(Information):

::::::::

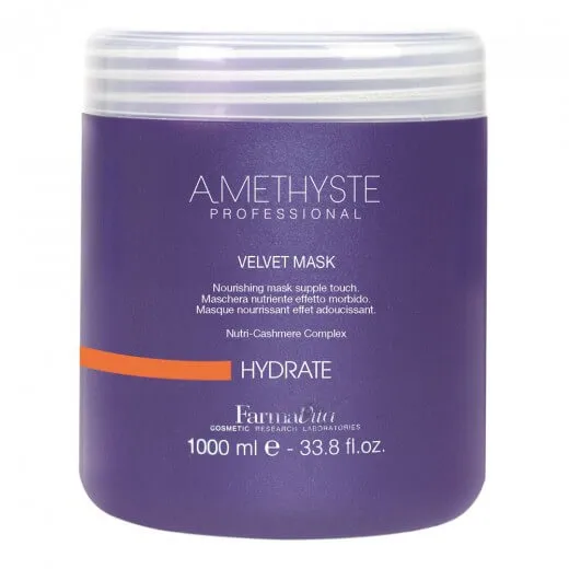 Макса интенсивного действия идеально подходит для волос любого типа. Она глубоко питает и увлажняет все типы без исключений. Кашемир, который входит в состав средства, надежно защищает ваши волосы: молекулы этого волшебного компонента обладают уникальными уплотняющими свойствами, умеют поглощать и использовать молекулы воды, тем самым поддерживая внутри волоса правильный водный баланс. Кроме того, маска обогащена глицерином и пантенолом, которые также оказывается укрепляющее и увлажняющее действие, глубоко проникают в структуру волос, балансируя уровень влаги. С маской Amethyste Hydrate Velvet Mask вашим волосам не грозит обезвоживание, а их блеск вас просто удивит!
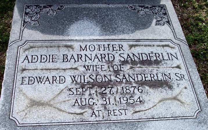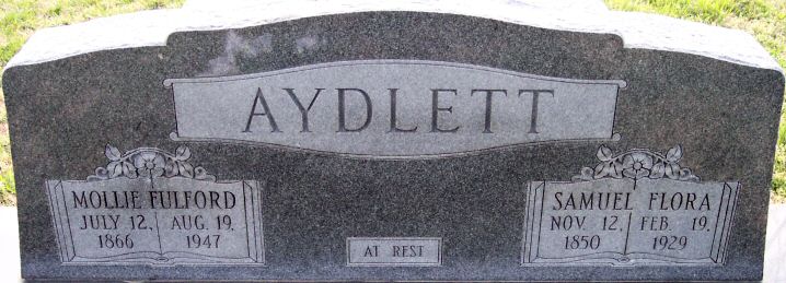 | Aydlett, Mollie Fulford | July 12, 1866 | Aug. 19, 1947 | [Double with: Samuel Flora Aydlett] |
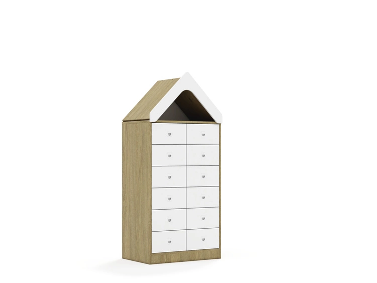 Mebel 2-kolumnowy posiadający 4 półki i daszek. Szuflada wykonana z płyty melaninowanej o grubości 18 mm o klasie higeniczności E1. Dostępne kolory: biały, szary, dąb kamienny. Metalowe prowadnice z wysokogatunkowej stali, wyposażone w funkcję samodociągu, zapewniają trwałość, wytrzymałość oraz płynne i ciche zamykanie. Mechanizm automatycznie domyka szufladę po lekkim popchnięciu, gwarantując wygodę i bezszelestne użytkowanie. Plastikowy uchwyt w kolorze białym, osadzony w płycie meblowej. Jego płaska konstrukcja zapewnia większe bezpieczeństwo użytkowania. Daszek stanowi atrakcyjny dodatek do linii mebli BLOX. Korona daszka wykonana z solidnej płyty MDF o grubości 16 mm, malowana i lakierowana farbą posiadającą atest Polskiego Towarzystwa Alergologicznego (PTA). Przód i boki daszku w kolorze białym, tył w kolorze korpusu. Cała powierzchnia daszka posiada zaokrąglone krawędzie, uzyskane dzięki precyzyjnemu wycinaniu na ploterze frezującym, co zwiększa bezpieczeństwo użytkowania. Element przymocowany do korpusu mebla za pomocą elementów pośredniczących.
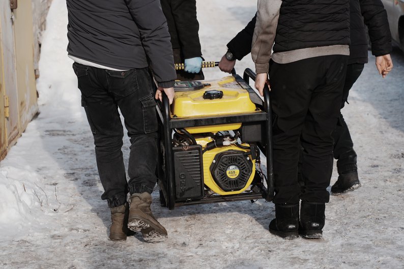 Люди несуть генератор, Харків 27 січня 2026 року. Суспільне Харків/Вікторія Якименко
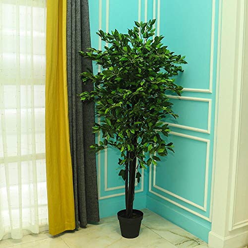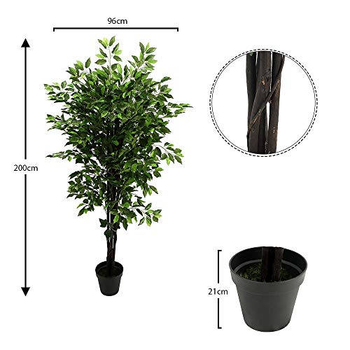 yh yahome - اشجار صناعية محاكاة لشجرة فيكس باوراق من الجلد الصناعي بطول 2 متر مع وعاء بلاستيك لتزيين المكتب وغرفة المعيشة والمنزل من ياهوم
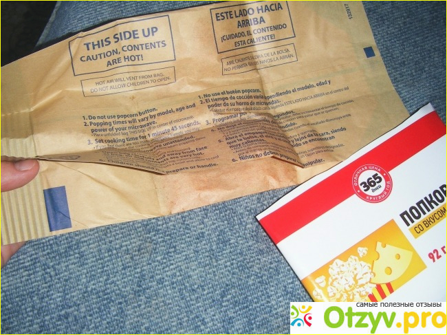 Раньше я покупала попкорн и готовила его в закрытой стеклянной тарелке для микроволновки, в этот раз такой тарелки у меня не было, и я обрадовалась, когда оказалось что попкорн 365 дней находится в упаковки бумажной, которую просто необходимо положить в микроволновую печь и просто следить пока щелканье не прекратится, пока все зернышки не приготовятся.
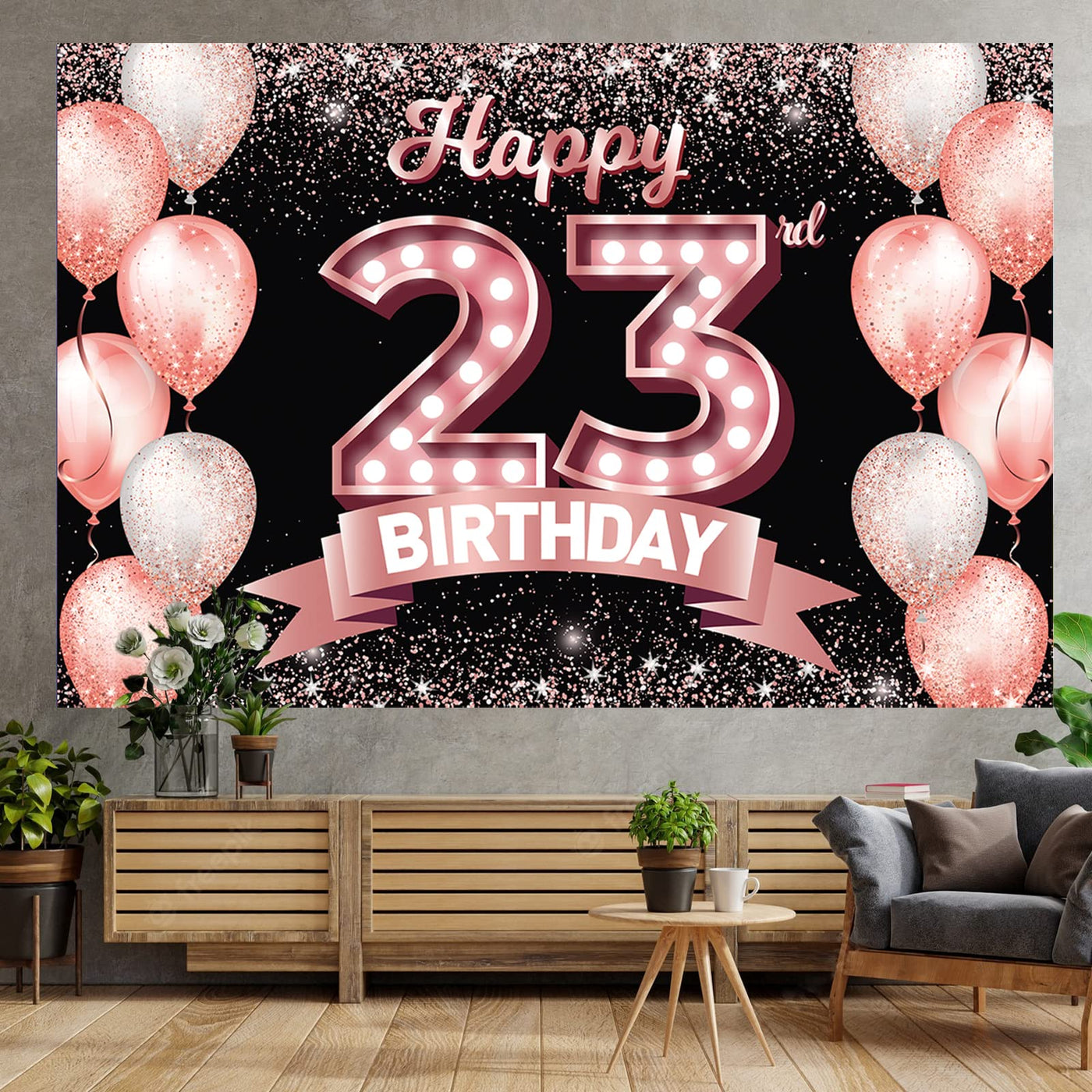 Q: What are the dimensions of the Happy 23rd Birthday Rose Gold Banner?A: The dimensions of the Happy 23rd Birthday Rose Gold Banner are 71 inches in width and 47 inches in height, making it a substantial backdrop for your party decorations.
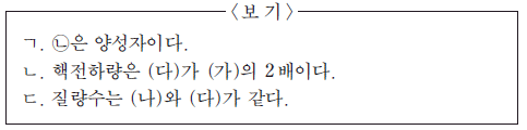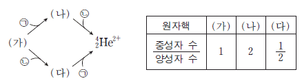 이 만들어지는 과정을 나타낸 것이고, 표는 원자핵 (가)~(다)에 대한 자료이다. ㉠과 ㉡은 각각 양성자와 중성자 중 하나이다.
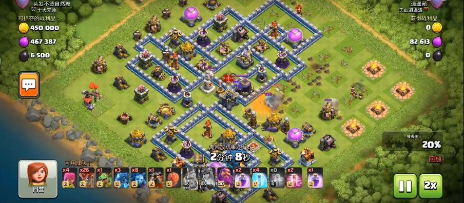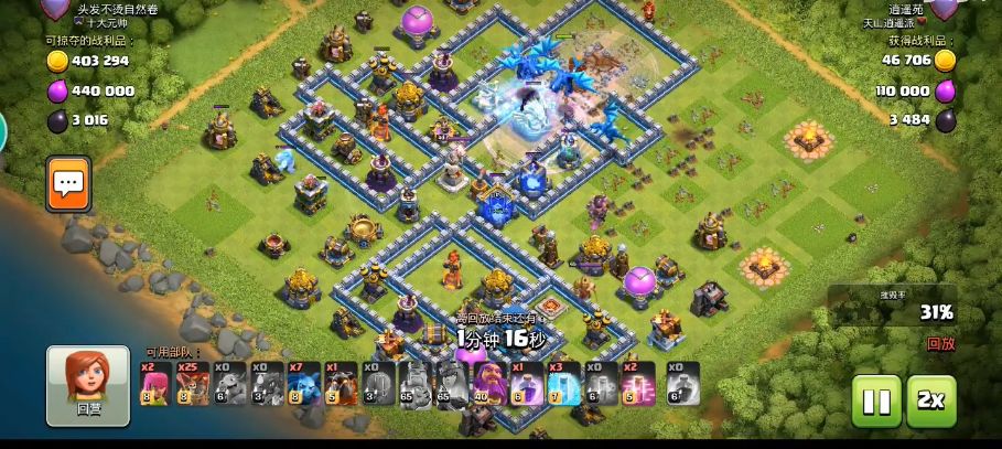 确定好战术后,我们直接面对敌阵的天鹰火炮和援军城堡派下我们的双王,在开技能后我们的双王虽然英勇牺牲但给我们的大部队创造了优良的输出环境并且引出来了援兵,既然敌阵的援军是两个陆军的冰人,对我们的空军大部队构不成任何威胁,那我们可以直接结束第一步的清边,展开下一步的进攻。
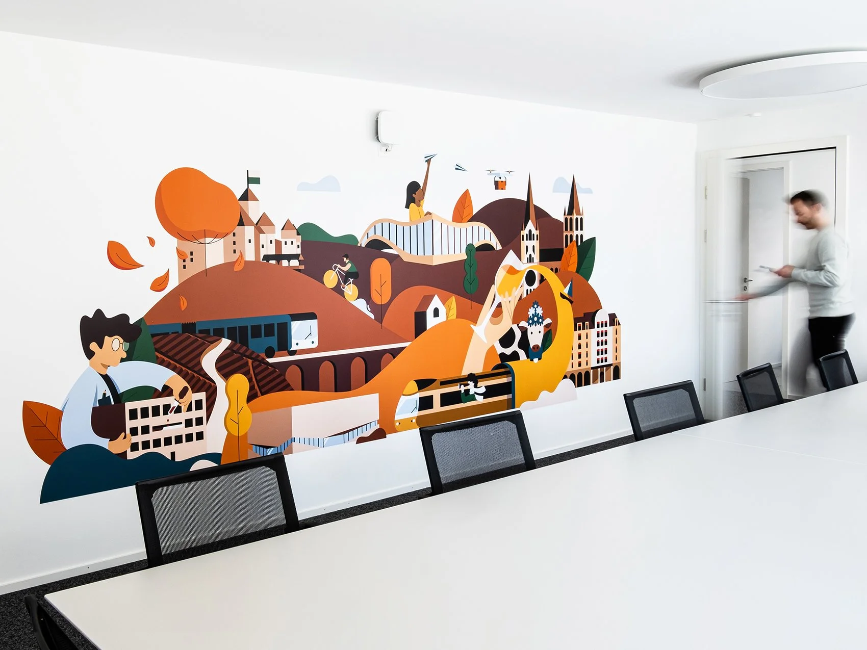 Des fresques murales uniques qui subliment vos espaces. Je conçois des créations sur mesure, peintes ou imprimées, pour transformer vos murs en véritables œuvres d'art et offrir à votre lieu une identité visuelle forte, captivante et mémorable.

::::::::

(Task statement): Only the pictures are to be left out, and all of the data must otherwise be transcribed exactly.

(Result of the task):
 Макса интенсивного действия идеально подходит для волос любого типа. Она глубоко питает и увлажняет все типы без исключений. Кашемир, который входит в состав средства, надежно защищает ваши волосы: молекулы этого волшебного компонента обладают уникальными уплотняющими свойствами, умеют поглощать и использовать молекулы воды, тем самым поддерживая внутри волоса правильный водный баланс. Кроме того, маска обогащена глицерином и пантенолом, которые также оказывается укрепляющее и увлажняющее действие, глубоко проникают в структуру волос, балансируя уровень влаги. С маской Amethyste Hydrate Velvet Mask вашим волосам не грозит обезвоживание, а их блеск вас просто удивит!
 | Aydlett, Mollie Fulford | July 12, 1866 | Aug. 19, 1947 | [Double with: Samuel Flora Aydlett] |
 Mebel 2-kolumnowy posiadający 4 półki i daszek. Szuflada wykonana z płyty melaninowanej o grubości 18 mm o klasie higeniczności E1. Dostępne kolory: biały, szary, dąb kamienny. Metalowe prowadnice z wysokogatunkowej stali, wyposażone w funkcję samodociągu, zapewniają trwałość, wytrzymałość oraz płynne i ciche zamykanie. Mechanizm automatycznie domyka szufladę po lekkim popchnięciu, gwarantując wygodę i bezszelestne użytkowanie. Plastikowy uchwyt w kolorze białym, osadzony w płycie meblowej. Jego płaska konstrukcja zapewnia większe bezpieczeństwo użytkowania. Daszek stanowi atrakcyjny dodatek do linii mebli BLOX. Korona daszka wykonana z solidnej płyty MDF o grubości 16 mm, malowana i lakierowana farbą posiadającą atest Polskiego Towarzystwa Alergologicznego (PTA). Przód i boki daszku w kolorze białym, tył w kolorze korpusu. Cała powierzchnia daszka posiada zaokrąglone krawędzie, uzyskane dzięki precyzyjnemu wycinaniu na ploterze frezującym, co zwiększa bezpieczeństwo użytkowania. Element przymocowany do korpusu mebla za pomocą elementów pośredniczących.
 Люди несуть генератор, Харків 27 січня 2026 року. Суспільне Харків/Вікторія Якименко
 yh yahome - اشجار صناعية محاكاة لشجرة فيكس باوراق من الجلد الصناعي بطول 2 متر مع وعاء بلاستيك لتزيين المكتب وغرفة المعيشة والمنزل من ياهوم
 Раньше я покупала попкорн и готовила его в закрытой стеклянной тарелке для микроволновки, в этот раз такой тарелки у меня не было, и я обрадовалась, когда оказалось что попкорн 365 дней находится в упаковки бумажной, которую просто необходимо положить в микроволновую печь и просто следить пока щелканье не прекратится, пока все зернышки не приготовятся.
 Q: What are the dimensions of the Happy 23rd Birthday Rose Gold Banner?A: The dimensions of the Happy 23rd Birthday Rose Gold Banner are 71 inches in width and 47 inches in height, making it a substantial backdrop for your party decorations.
 이 만들어지는 과정을 나타낸 것이고, 표는 원자핵 (가)~(다)에 대한 자료이다. ㉠과 ㉡은 각각 양성자와 중성자 중 하나이다.
 确定好战术后,我们直接面对敌阵的天鹰火炮和援军城堡派下我们的双王,在开技能后我们的双王虽然英勇牺牲但给我们的大部队创造了优良的输出环境并且引出来了援兵,既然敌阵的援军是两个陆军的冰人,对我们的空军大部队构不成任何威胁,那我们可以直接结束第一步的清边,展开下一步的进攻。
 Des fresques murales uniques qui subliment vos espaces. Je conçois des créations sur mesure, peintes ou imprimées, pour transformer vos murs en véritables œuvres d'art et offrir à votre lieu une identité visuelle forte, captivante et mémorable.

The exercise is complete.